Aquatische ecosystemen zijn cruciale componenten van het wereldwijde milieu. Ze leveren niet alleen een essentiële bijdrage aan de biodiversiteit en de ecologische productiviteit, maar leveren ook allerlei diensten aan de mens, zoals drinkwater en irrigatiewater, recreatiemogelijkheden en een habitat voor economisch belangrijke visserijtakken. Aquatische systemen worden echter in toenemende mate bedreigd, direct en indirect, door menselijke activiteiten. Naast de uitdagingen als gevolg van veranderingen in landgebruik, milieuvervuiling en wateroverheveling, zullen aquatische systemen naar verwachting binnenkort ook te maken krijgen met de extra druk van de wereldwijde klimaatverandering.
“Aquatic Ecosystems and Global Climate Change” is het zevende in een reeks rapporten waarin de mogelijke effecten van klimaatverandering op het milieu in de VS worden onderzocht. In het rapport wordt gedetailleerd ingegaan op de waarschijnlijke gevolgen van klimaatverandering in de komende eeuw voor de aquatische ecosystemen in de VS. De auteurs van het rapport, Drs. N. LeRoy Poff, Mark Brinson, en John Day, Jr. constateren:
-
De toename van de watertemperatuur als gevolg van de klimaatverandering zal fundamentele ecologische processen en de geografische verspreiding van aquatische soorten veranderen. Dergelijke gevolgen kunnen worden verzacht als soorten zich trachten aan te passen door naar geschikte habitats te migreren. Door de mens veroorzaakte veranderingen in potentiële migratiecorridors kunnen het vermogen van soorten om zich elders te vestigen echter beperken, waardoor de kans op het uitsterven van soorten en het verlies van biodiversiteit toeneemt.
-
Verschuivingen in seizoenspatronen van neerslag en afvloeiing zullen de hydrologische kenmerken van aquatische systemen veranderen, waardoor de samenstelling van soorten en de productiviteit van het ecosysteem worden beïnvloed.
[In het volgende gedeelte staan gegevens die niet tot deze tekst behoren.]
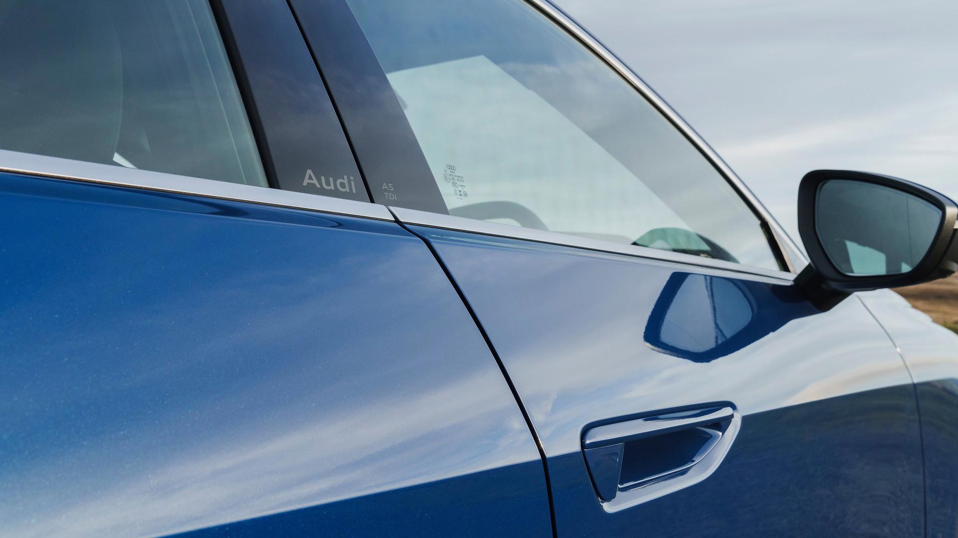 Ο αντικαταστάτης του A4 έχει τροποποιημένες αναλογίες εξωτερικά, με το μακρύ μεταξόνιο, τους μεγάλους τροχούς και το χαμηλό αμάξωμα να δημιουργούν μία πιο “sportive” φιλοσοφία. Το sedan αμάξωμα έχει στοιχεία που συναντάμε σε coupe μοντέλα, όπως το “τραβηγμένο” εσωτερικό προς τα πίσω, η έντονη κλίση του πίσω παρμπρίζ, η μικρή πόρτα του χώρου αποσκευών, αλλά και η διακριτική αεροτομή που είναι ενσωματωμένη στο αμάξωμα. Στοιχεία που ξεχωρίζουμε είναι η τραπεζοειδής μάσκα στο εμπρός τμήμα, τα έντονα “νεύρα” στο καπό και οι χειρολαβές που είναι “χωνευτές” στις πόρτες. Βέβαια, δεν γίνεται να μην εντυπωσιαστεί κανείς από τα φωτιστικά σώματα. Τα εμπρός LED σώματα μπορούν να διαφοροποιηθούν ως προς την σχεδίαση, με τον οδηγό να μπορεί να επιλέξει ένα από τα 8 διαθέσιμα μοτίβα. Άκρως εντυπωσιακά είναι και τα πίσω σώματα, τα οποία ενώνονται με μία LED λωρίδα και εντυπωσιάζουν το βράδυ. Αναφορικά με τις διαστάσεις, το επιβλητικό sedan έχει μήκος που αγγίζει τα 4.829 χλστ., πλάτος στα 1.860 και ύψος στα 1.444 χλστ. Οι δε ζάντες αλουμινίου στην S-Line έκδοση εξοπλισμού της δοκιμής, έχουν μέγεθος 19 ιντσών με ελαστικά 245/35 (διατίθεται με τροχούς από 17 έως 20 ίντσες).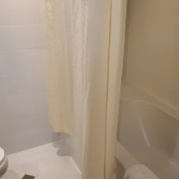 The bathroom has a bathtub instead of a shower, and the water pressure is quite good.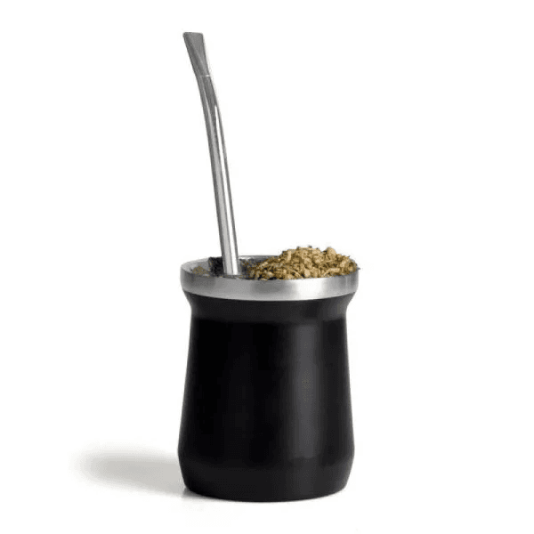 Cuia térmica em Aço Inox com bomba. Cuia confeccionada com dupla parede de inox, isolada a vácuo. Ideal para chimarrão ou tereré.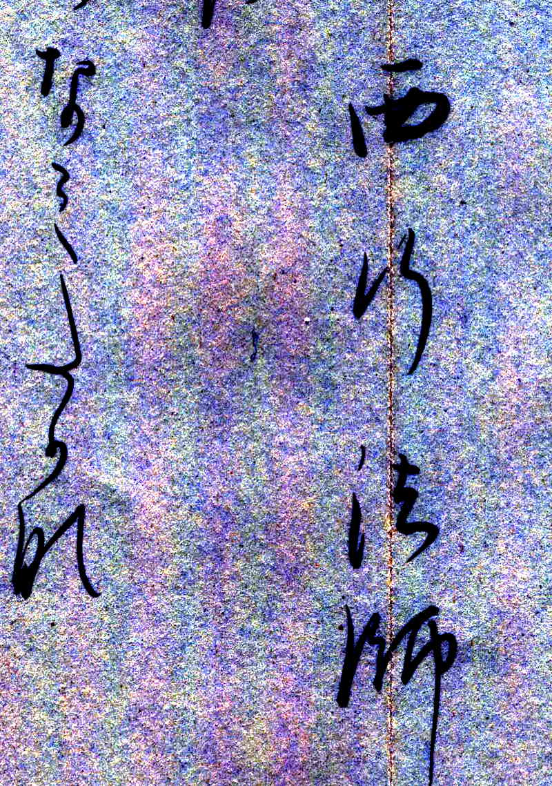 入手したものであることがわかりました。日本の和紙は(す)く製法であるため和紙の繊維が断層画像写真によって一本一本が立体的に見えます。オランダ渡来の髪と性質が異なるのはこのためです。は茶会用の掛軸から外され海外展示のために再表装をしております。掛軸や屏風にすることが可能なように、「Removable Paste(再剥離用糊)」を使用しているため、自筆の書に影響をあたえずに、容易に「剥離」することができるような特殊な表装となっております。 |
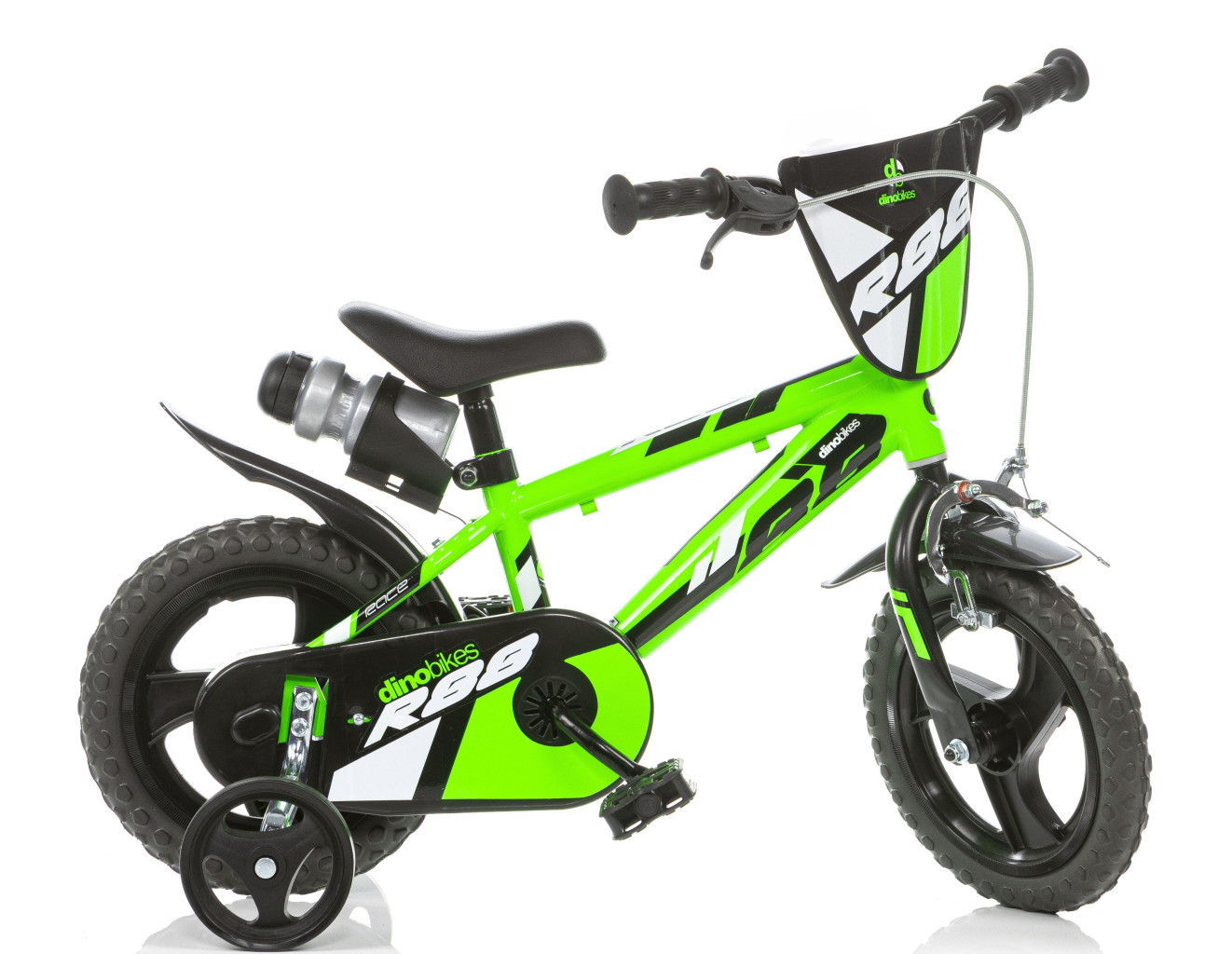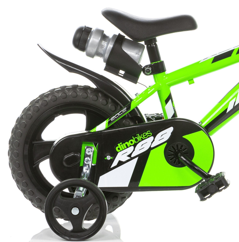 Kolo má plastová paprsková kola 12" (palců = 31 cm), pláště plastové s pěnovou výplní EVA, STÁLÝ POHON bez volnoběhu, bezpečnostní koncovku řídítek, přídavná balanční kolečka.

Populaties van aquatische organismen zijn gevoelig voor veranderingen in de frequentie, duur en timing van extreme neerslaggebeurtenissen, zoals overstromingen of droogtes. Veranderingen in de seizoensgebonden timing van het smelten van sneeuw zullen het debiet van stromen veranderen, waardoor de voortplanting van veel aquatische soorten kan worden verstoord.
-
De klimaatverandering zal kwetsbare zoetwater- en kustwetlands, die al negatief worden beïnvloed door een verscheidenheid aan andere menselijke invloeden, zoals veranderde stromingsregimes en verslechtering van de waterkwaliteit, waarschijnlijk nog verder onder druk zetten. Wetlands vormen een kritieke habitat voor veel soorten die slecht zijn aangepast aan andere milieuomstandigheden en fungeren als belangrijke onderdelen van de kust- en zeevisserij.
-
Aquatische ecosystemen hebben een beperkt vermogen om zich aan te passen aan de klimaatverandering. Het verminderen van de kans op significante effecten op deze systemen zal in belangrijke mate afhangen van menselijke activiteiten die andere bronnen van stress op ecosystemen verminderen en het aanpassingsvermogen vergroten. Deze omvatten het behoud van oeverbossen, het verminderen van de belasting met voedingsstoffen, het herstel van beschadigde ecosystemen, het minimaliseren van grondwateronttrekking, en het strategisch plaatsen van nieuwe reservoirs om nadelige effecten te minimaliseren.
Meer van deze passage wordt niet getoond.